Life as a Process

Life is an active and organized process. As you move through your environment, you learn and grow, automatically, with each adjustment you make to meet your internal needs. Your physical, intellectual, emotional, and spiritual needs are as unique as you are. Life, for you, is the sum of all your responses to events, people, and the greater natural forces beyond your control. How you move through life can describe your continuing development.

What is Life?

Even in a person whose body is still, the sign of life is what is happening inside that person. You can start with how your body functions, performed in your body without your direct involvement. Your body is a whole system. Your veins and nerves are active; your muscles are still or contract when you move.

Breathing is automatic. Your senses deliver vision, hearing, smells, and the sensations of taste and touch. This is how we experience the external world. Your body responds to what it perceives through the senses; there’s an automatic response, from unconscious gut reactions to movement of muscles. In this incredibly short period, your intuition guides your survival.

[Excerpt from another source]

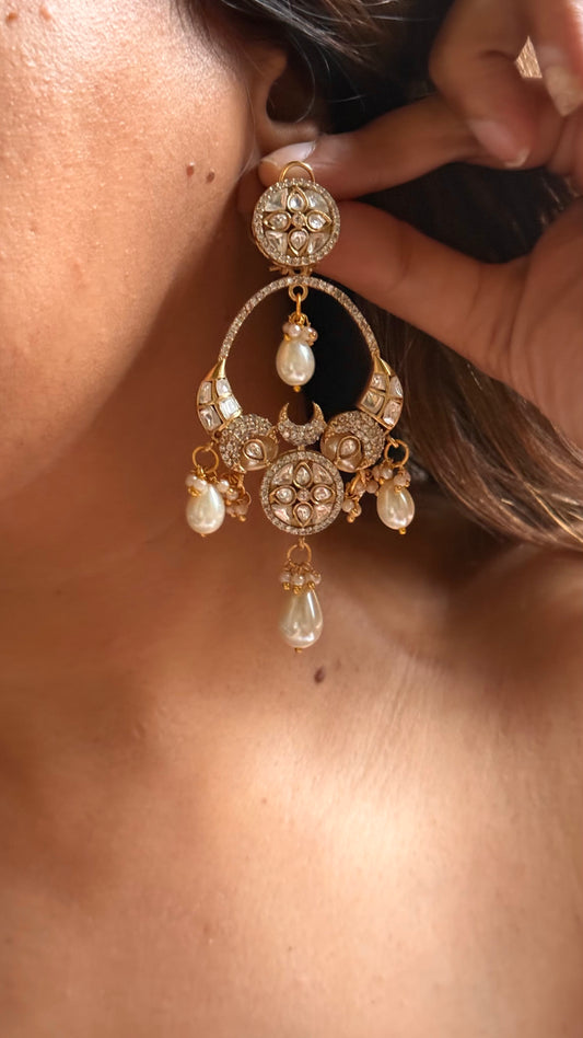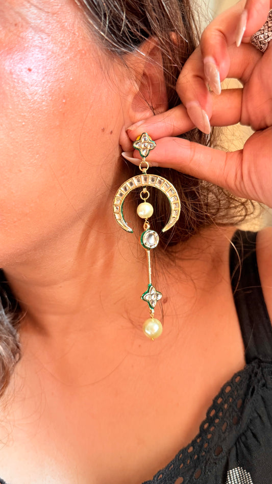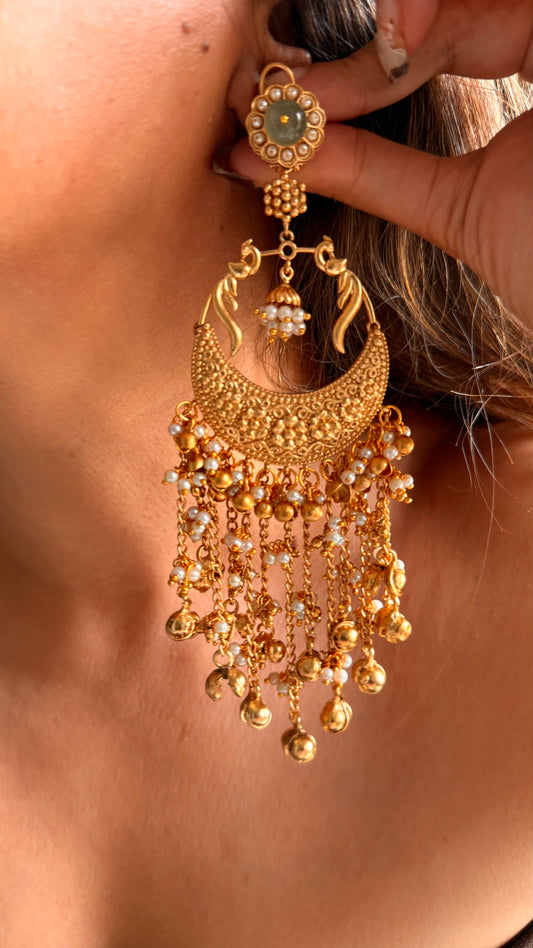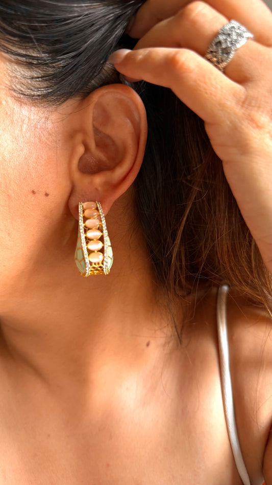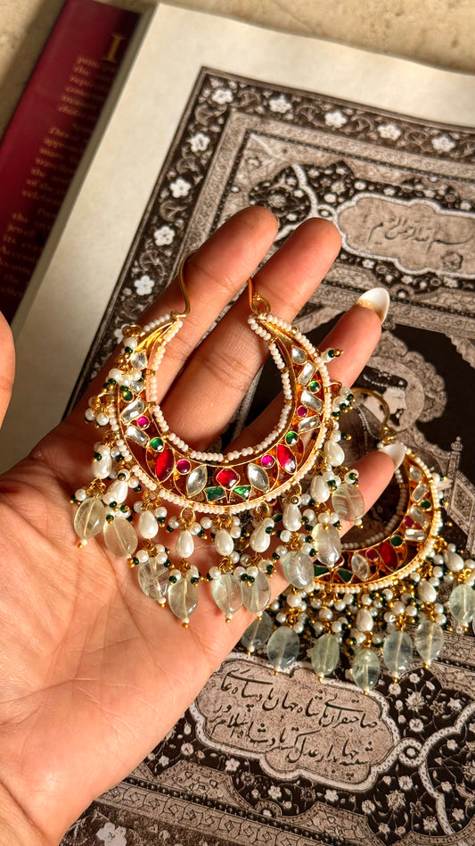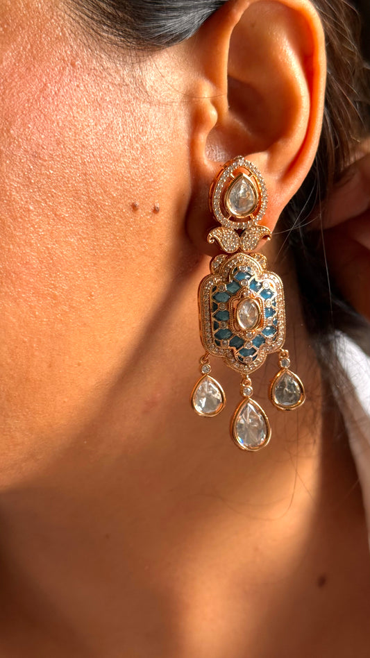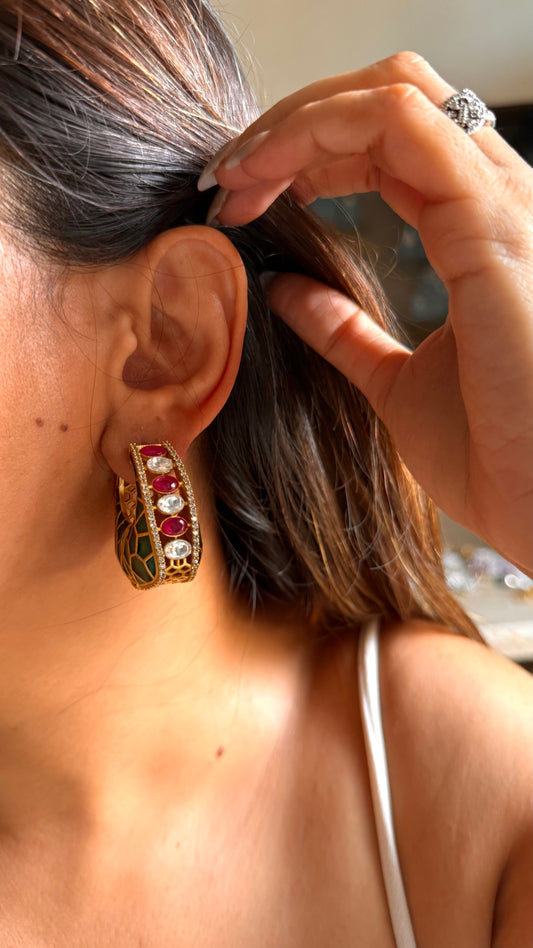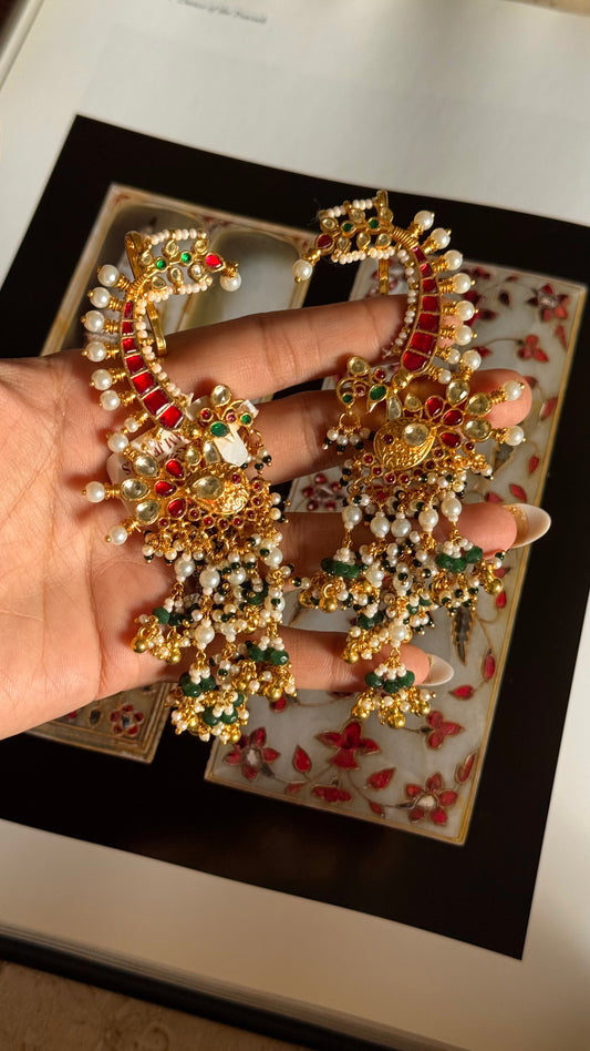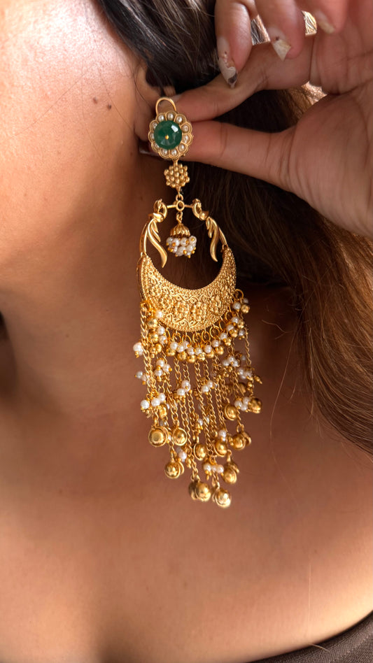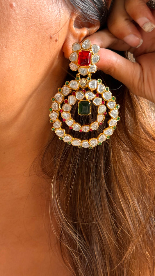Paachi rani pink & emerald rajwada earrings with mint drop
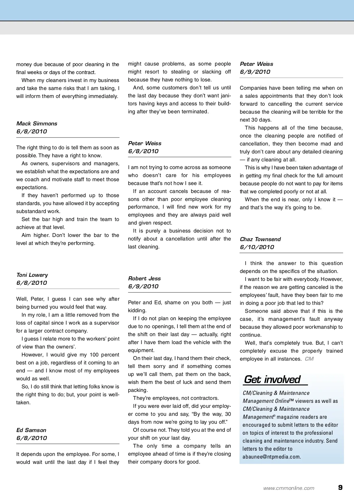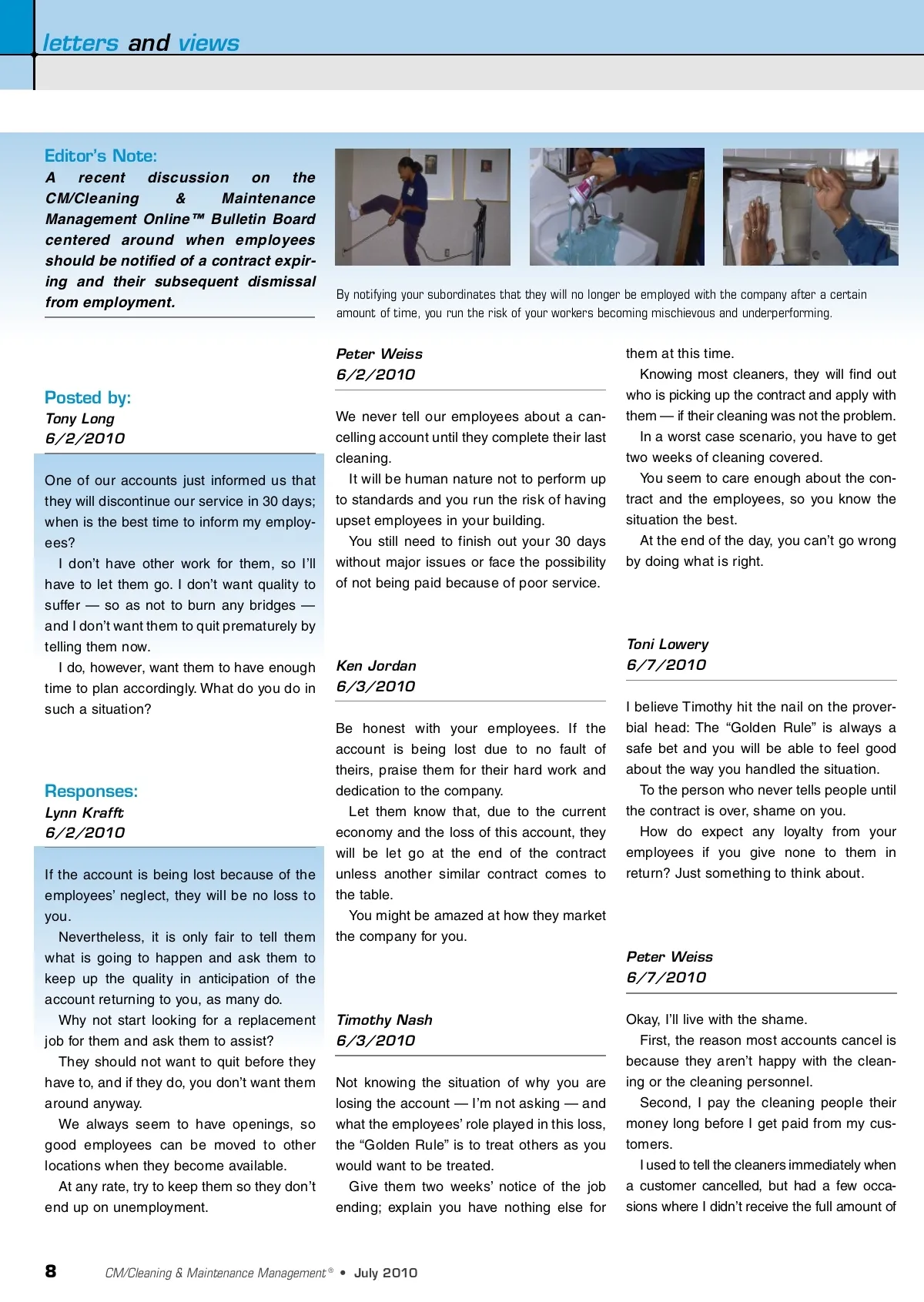 letters and views Editor’s Note: A recent discussion on the CM/Cleaning & Maintenance Management Online™ Bulletin Board centered around when employees should be notified of a contract expir-ing and their subsequent dismissal from employment. By notifying your subordinates that they will no longer be employed with the company after a certain amount of time, you run the risk of your workers becoming mischievous and underperforming. Peter Weiss 6/2/2010 Posted by: Tony Long 6/2/2010 One of our accounts just informed us that they will discontinue our service in 30 days; when is the best time to inform my employ-ees? I don’t have other work for them, so I’ll have to let them go. I don’t want quality to suffer — so as not to burn any bridges — and I don’t want them to quit prematurely by telling them now. I do, however, want them to have enough time to plan accordingly. What do you do in such a situation? We never tell our employees about a can-celling account until they complete their last cleaning. It will be human nature not to perform up to standards and you run the risk of having upset employees in your building. You still need to finish out your 30 days without major issues or face the possibility of not being paid because of poor service. them at this time. Knowing most cleaners, they will find out who is picking up the contract and apply with them — if their cleaning was not the problem. In a worst case scenario, you have to get two weeks of cleaning covered. You seem to care enough about the con-tract and the employees, so you know the situation the best. At the end of the day, you can’t go wrong by doing what is right. Ken Jordan 6/3/2010 Be honest with your employees. If the account is being lost due to no fault of theirs, praise them for their hard work and dedication to the company. Let them know that, due to the current economy and the loss of this account, they will be let go at the end of the contract unless another similar contract comes to the table. You might be amazed at how they market the company for you. Toni Lowery 6/7/2010 I believe Timothy hit the nail on the prover-bial head: The “Golden Rule” is always a safe bet and you will be able to feel good about the way you handled the situation. To the person who never tells people until the contract is over, shame on you. How do expect any loyalty from your employees if you give none to them in return? Just something to think about. Responses: Lynn Krafft 6/2/2010 If the account is being lost because of the employees’ neglect, they will be no loss to you. Nevertheless, it is only fair to tell them what is going to happen and ask them to keep up the quality in anticipation of the account returning to you, as many do. Why not start looking for a replacement job for them and ask them to assist? They should not want to quit before they have to, and if they do, you don’t want them around anyway. We always seem to have openings, so good employees can be moved to other locations when they become available. At any rate, try to keep them so they don’t end up on unemployment. Peter Weiss 6/7/2010 Timothy Nash 6/3/2010 Not knowing the situation of why you are losing the account — I’m not asking — and what the employees’ role played in this loss, the “Golden Rule” is to treat others as you would want to be treated. Give them two weeks’ notice of the job ending; explain you have nothing else for Okay, I’ll live with the shame. First, the reason most accounts cancel is because they aren’t happy with the clean-ing or the cleaning personnel. Second, I pay the cleaning people their money long before I get paid from my cus-tomers. I used to tell the cleaners immediately when a customer cancelled, but had a few occa-sions where I didn’t receive the full amount of 8 CM/Cleaning & Maintenance Management ® • July 2010

Actions have consequences. As you grow from child to adult, your body builds a history of your responses to the external environment. Repetition in circumstances allows the body to build systems of knowing how to respond in a way that benefits your life. You learn what works for you. This begins when you are born.

The Human Organism

The term epigenesis describes the discovery in the 1950s of how babies develop in the womb by Nature’s whole, self-directed way. The cellular growth that begins to form you at conception is an unbroken process that carries traits of your individual identity. Your DNA identifies you as unique by your specific traits, a mere 0.1% difference from other people. By studying your nature as a human organism, you can understand the force that keeps you alive.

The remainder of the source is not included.